Example 110/220 kV distribution substation network based on Liang et al. (2022). Includes nodes, edges, macrocomponents, equipment fragility, and probability files.

Files:

  • nodes.json: Substation nodes with coordinates and attributes

  • edges.json: Power line connections between substations

  • probs.json: Edge failure probabilities

  • macrocomponents.json: Component grouping information

  • equipment.json: Equipment fragility data

Citation:

Liang, H., Blagojevic, N., Xie, Q., & Stojadinovic, B. (2022). Seismic risk analysis of electrical substations based on the network analysis method. Earthquake Engineering & Structural Dynamics, 51(11), 2690-2707.

Use Cases:

  • Power grid reliability analysis

  • Seismic risk assessment

  • Infrastructure resilience studies

Data Format

All datasets follow a consistent JSON format defined by JSON schemas in the schema/ directory.

Node Format

Nodes are stored as a JSON object where keys are node IDs and values are attribute dictionaries:

{
  "node_id": {
    "x": 0.0,
    "y": 0.0,
    "type": "source",
    "additional_attributes": "..."
  }
}

Required attributes:

  • x: X-coordinate (number)

  • y: Y-coordinate (number)

Examples of optional attributes:

  • type: Node type (string)

  • group_name: Grouping identifier (string)

  • capacity: Capacity value (number or string)

  • unit: Unit of measurement (string)

  • Any other custom attributes

Edge Format

Edges are stored as a JSON object where keys are edge IDs and values are connection dictionaries:

{
  "edge_id": {
    "from": "node1",
    "to": "node2",
    "directed": false,
    "additional_attributes": "..."
  }
}

Required attributes:

  • from: Source node ID (string)

  • to: Target node ID (string)

  • directed: Whether edge is directed (boolean)

Examples of optional attributes:

  • eid: Edge identifier (string)

  • macrocomponent_type: Component type (string)

  • length: Edge length (number)

  • Any other custom attributes

Probability Format

Probabilities are stored as a JSON object mapping edge IDs to probability dictionaries:

{
  "edge_id": {
    "0": {"p": 0.05},
    "1": {"p": 0.95}
  }
}

Where, for example, ``”1”` indicates the edge could imply active/working and ``”0”` failure.

Required attributes:

  • int: Integer state index starting from 0

  • p: Probability of the state (number between 0 and 1)

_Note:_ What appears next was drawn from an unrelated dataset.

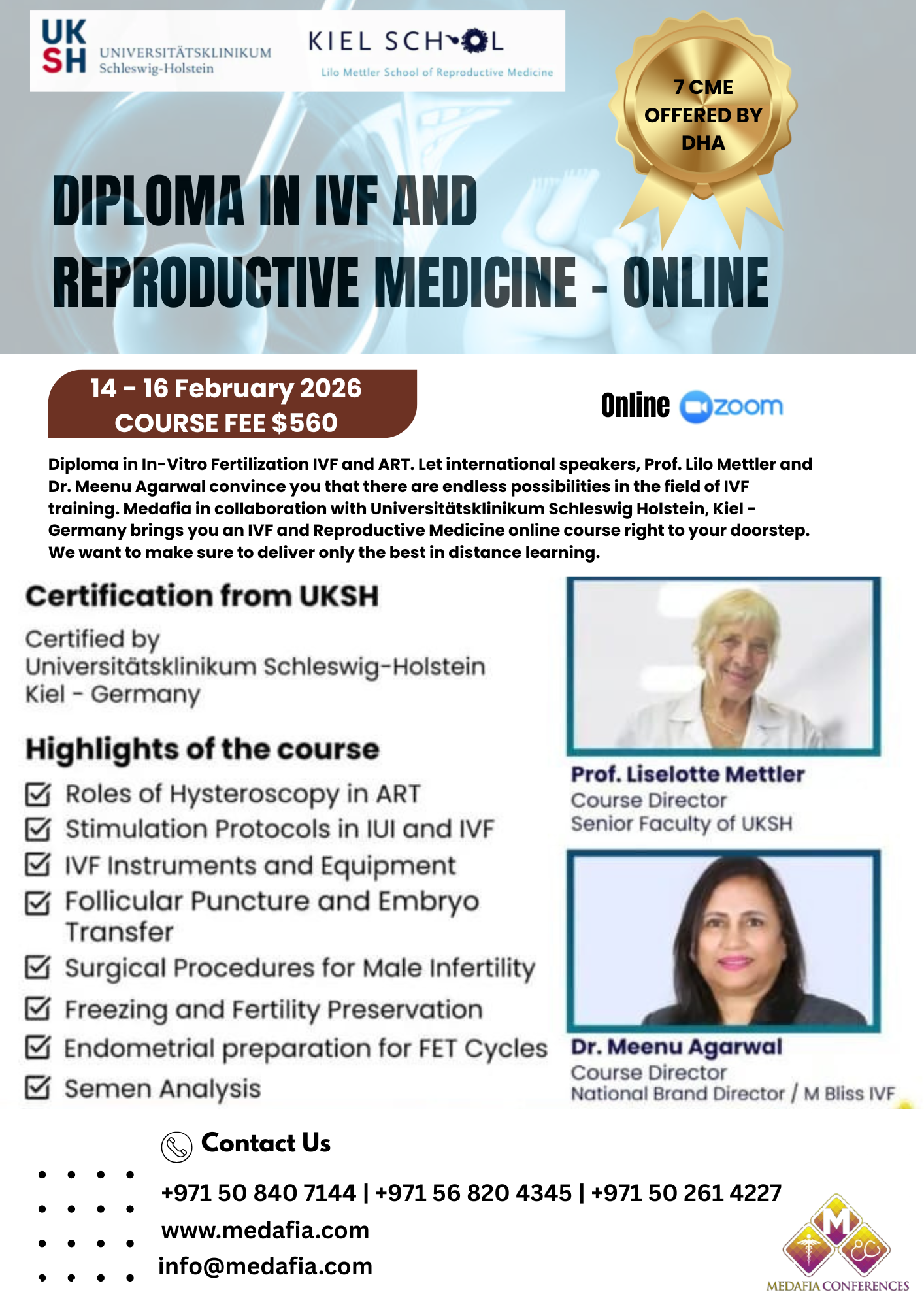 Diploma in IVF and Reproductive Medicine. Let international speakers, Prof. Lilo Mettler and Dr. Meenu Agarwal convince you that there are endless possibilities in the field of IVF training. Medafia in collaboration with Universitätsklinikum Schleswig Holstein, Kiel – Germany brings to you an IVF and Reproductive Medicine online course right to your doorsteps. We want to make sure to deliver only the best in distance learning.
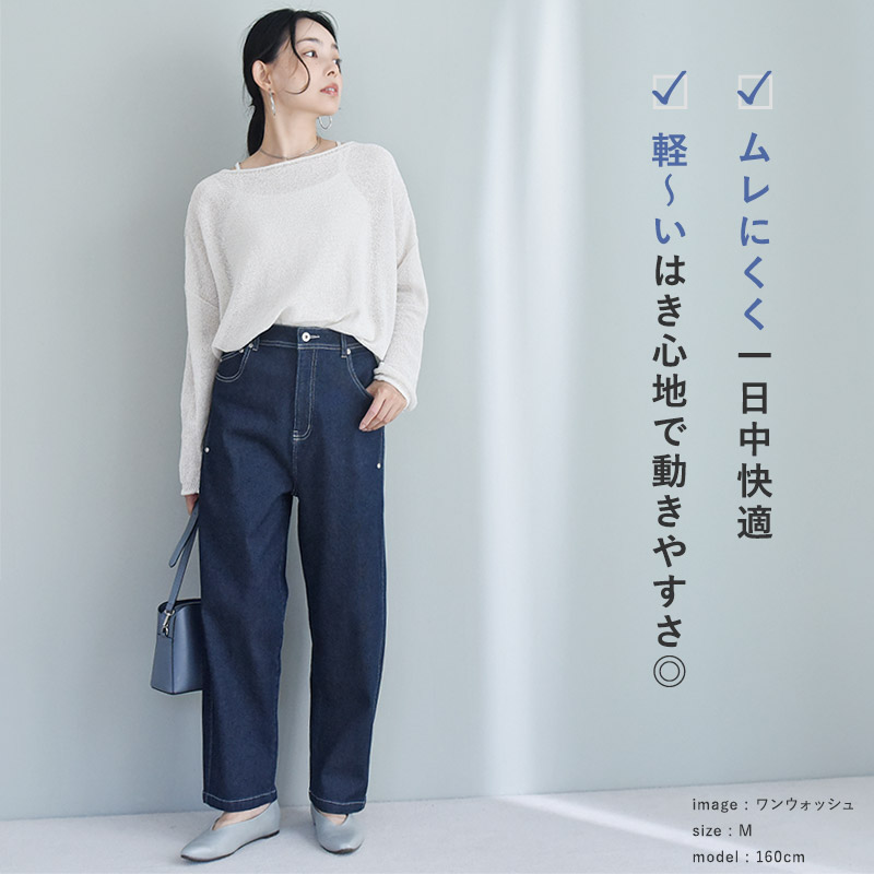 軽量感と伸縮性でラクチン一般的なデニムよりも軽いので、重さに苦手意識があった方にこそ体感していただきたい、楽な穿き心地です。

Examples of optional attributes:

  • description: Description of the state (string)

Dataset Metadata

Each dataset includes a dataset.yaml file with metadata:

name: dataset-name
version: 1.0.0
title: Human-readable title
license: CC-BY-4.0
description: >
  Detailed description of the dataset
contacts:
  - name: Contact Name
    affiliation: Institution
    email: contact@example.com
tags: [tag1, tag2, tag3]
files:
  nodes: data/nodes.json
  edges: data/edges.json
  probs: data/probs.json
citation: |
  Citation information

Loading Datasets

Using ndtools

from ndtools.io import dataset_paths, load_json
from pathlib import Path

# Get dataset paths
nodes_path, edges_path, probs_path = dataset_paths(
    Path('datasets'), 'dataset_name', 'v1'
)

# Load data
nodes = load_json(nodes_path)
edges = load_json(edges_path)
probs = load_json(probs_path)

Direct Loading

import json
from pathlib import Path

dataset_path = Path("datasets/dataset_name/v1/data")

with open(dataset_path / "nodes.json") as f:
    nodes = json.load(f)

with open(dataset_path / "edges.json") as f:
    edges = json.load(f)

with open(dataset_path / "probs.json") as f:
    probs = json.load(f)

Validation

All datasets can be validated against their schemas:

# Validate all datasets
python data_validate.py --root .

# Validate specific dataset
python data_validate.py --root . --dataset dataset-name

Adding New Datasets

To add a new dataset to the repository:

  1. Create a new directory following the naming convention: dataset_name/v1/ (⚠️ Don’t use hyphens (`-`) — use underscores (`_`) in dataset names.)

  2. Add your data files in the data/ subdirectory

  3. Create a dataset.yaml metadata file

  4. Update the registry.json file

  5. Validate your dataset using the provided validation tools

See the contributing page for detailed instructions.